Press TV has interviewed Zayd al-Isa, Iraq affairs expert in London, to discuss the latest gains made by Iraqi army troops and volunteer forces on the battlefield against the ISIL Takfiri terrorists in the western province of Anbar.
The following is a rough transcription of the interview.
Press TV: Do you think that the Iraqi military is able to recapture Ramadi, make more advances, but yet perhaps there is a push back coming from other forces they are engaged in Iraq. And I am talking about some US forces, not to mention now Turkish forces.

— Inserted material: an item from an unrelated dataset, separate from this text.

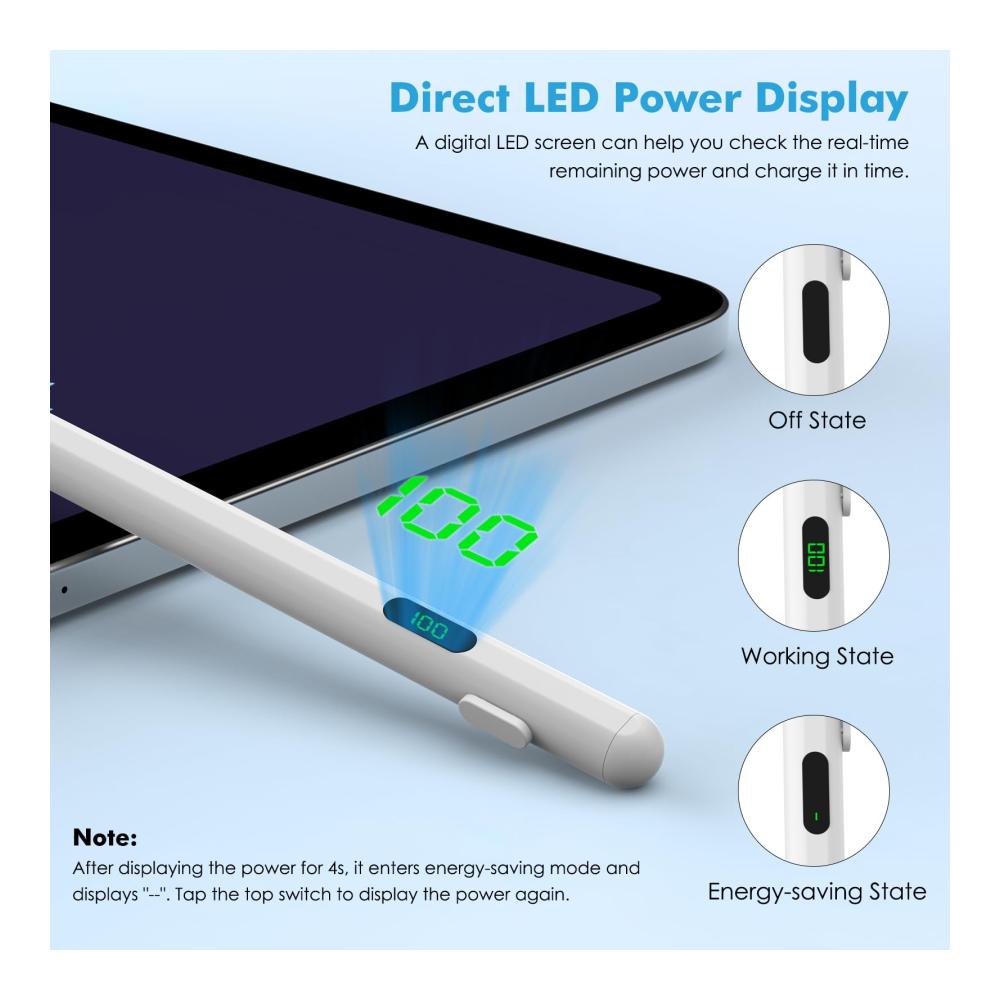 • 【Direkte LED-Leistungsanzeige】Genießen Sie unsere gut lesbare LED-Leistungsanzeige auf dem Stylus-Stift für das iPad. Berühren Sie leicht den oberen Schalter des Stylus-Stifts, um den Batteriestand jederzeit und überall in Echtzeit anzuzeigen. (Nachdem die Leistung 4 Sekunden lang angezeigt wurde, wechselt es in den Energiesparmodus und zeigt „–“ an. Klicken Sie erneut auf den oberen Schalter, um die Leistung anzuzeigen.)

Isa: I do believe that the Iraqi forces, if they are allowed to be fully backed up by the Popular Mobilization forces which have been spearheading and have been at a forefront of combating [and] countering ISIS and have single-handedly by themselves managed to liberate the areas of Jurf al-Sakhar Amerli and also the entire province of Diyala as well as seizing back and claiming back the highly important city of Tikrit, are actually fully capable of taking back Ramadi. It has been the US which has been dragging its feet, having cold feet about the Iraqi army, going in and liberates Ramadi.
Let’s remember that Ramadi was actually not defended by the Popular Mobilization forces, because the US defiantly and adamantly refused to allow the Popular Mobilization forces to enter Ramadi, to actually protect it and defend it and to prove that we have [Martin] Dempsey, the previous head of the US forces; actually saying that Ramadi was insignificant; it was not strategic enough and even if it fell to ISIS, then it will not affect our campaign to actually defeat ISIS.
So we can clearly see that the US wanted Ramadi to fall; it did actually not back up the forces that were there to defend it and it was actually done in order to appease the Saudi regime which is part and parcel of the so-called US-led coalition that is in preparation for the agreement on the Iranian nuclear program. So that was actually the background to the fall of Ramadi.
Now we can see that the US also has been dragging its feet about Iraqi forces moving towards Mosul because the US needs ISIL and throughout its campaign, the US-led campaign, it has been actually trying to contain [and] weaken ISIS but only to the extent where it remains a potent, credible and viable threat to use it with its main allies, Saudi Arabia and actually Turkey, to achieve its overarching goal that is the Saudi goal of toppling the Syrian-elected government to weaken and destabilize Iraq, to try to bring it to its knees and also to use it as a military arms in order to actually lunch an aggression against the Islamic Republic of Iran.
We can clearly see that the US is taking advantage of, in my opinion, the misguided pledge by the Iraqi government, which actually pledged to Joe Dunford , the new US head of the forces, that Iraq would not ask that the Russian army or the Russian forces to launch airstrikes in coordination with the Islamic Republic of Iran.
So what I see is that it is absolutely crucial for Iraq now, particularly with the Turkish invasion of Iraqi soil and defiant refusal of Turkey to withdraw its aggressive forces, that Iraq asks the Russians and also the Iranian government to actually launch airstrikes to dislodge and also to move aggressively against ISIS because we have seen that the US alliance is not genuine in its actually pursuit to degrade and dismantle ISIS.